1 thought on “‘The X Factor’, CFIDS Association of America, looks at where we are in XMRV research, 13 September 2011”

  1. Lo and Alter have already made it clear that their paper supports the findings of Lombardi et al., the study headed up by Mikovits.

    XMRV was incorrectly named, if people were hoping the name to indicate how similar these human gammaretrovirses are to the types different types of MLVs. It is important that people are aware that the names of these types were not given for scientific reasons. They were subjective and were disproven last year. So there is no scientific reason to believe that xenotropic polytropic and modified polytropic variants are not the same family of viruses. This too is a common grouping for other retroviruses. Take Feline leukaemia viruses (FeLV), the different types are not considered to be different viruses.

    Now XMRV is one variant. It is a xenotropic polytropic hybrid. The CDC may have found that it also part ecotropic, research still to be published. In Lombardi Silverman only fully sequenced 3 strains that were all found to be the XMRV variant. The others, from all the other positive patients are still to be fully sequenced. What are they? Lo found polytropic and modified polytropic type sequences. The same as Lombardi did. They also found a third, modified polytropic. This was reported by the WPI/NCI months before as also one of their findings. So they do support each other.

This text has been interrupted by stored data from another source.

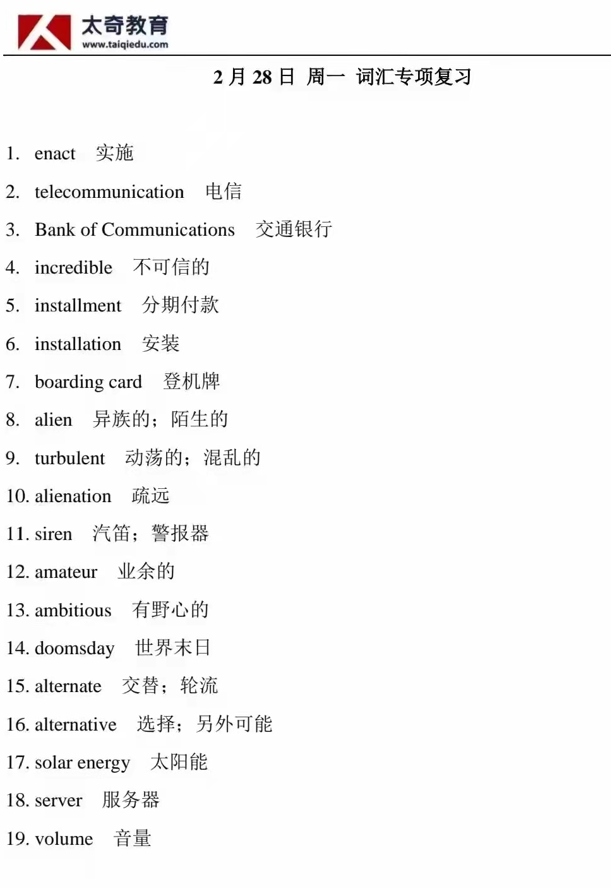 2月28日詞匯專項練習(xí)
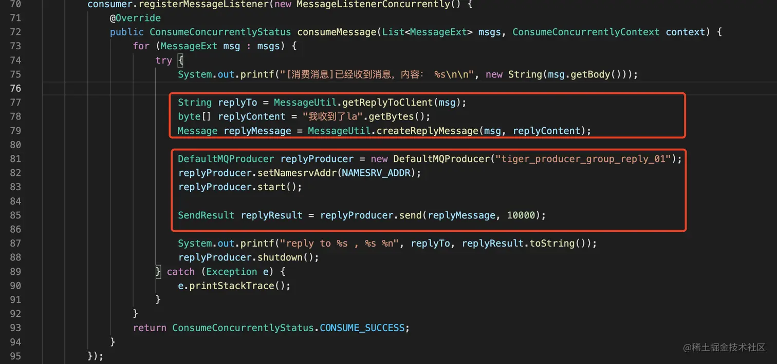 消费者demo主要代码: 消费代码主要增加了“回复”逻辑。回复是利用消息发送直接向生产者发送一条消息。 有点类似事物消息中broker回查生产者。
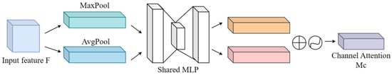 where represents the sigmoid functions, and ; and are the weights of the shared MLP by the two inputs; and are the average and max pooling operations on the feature map, respectively.

    As all the negative papers have failed to replicate proven methods or diagnostically validate their new methods, they remain negative papers. Not papers that can refute the findings of papers that used different methods that were validated. It really is science 101. Any paper that does this cannot seriously be considered as even remotely suggesting issues with Lombardi or Lo et al. It doesn’t matter if you claim to have retested previous positives if your assay has never been shown capable of detecting wild-type virus.

    Still, there is no scientific evidence of contamination, but there is evidence that Paprokta et al. failed to report the use of a third assay in the paper that tried and failed to claim that a cell line, not properly investigated was the origin of one variant of XMRV. A cell line that does not contain other strains and variants of human gammaretroviruses. A cell line that has never been in the WPI/NCI/Lo or Alter labs.

    The sequence diversity of human gammaretroviruses is also typical of a gammaretrovirus. That is no argument from which to build a case of contamination from. It is also the same for deltaretroviruses and betaretroviruses. All of these rely on colonal expansion to increase their numbers. This makes genetic diversity almost impossible. Many retroviruses in fact have less than 2% diversity. So why is anyone using diversity as argument?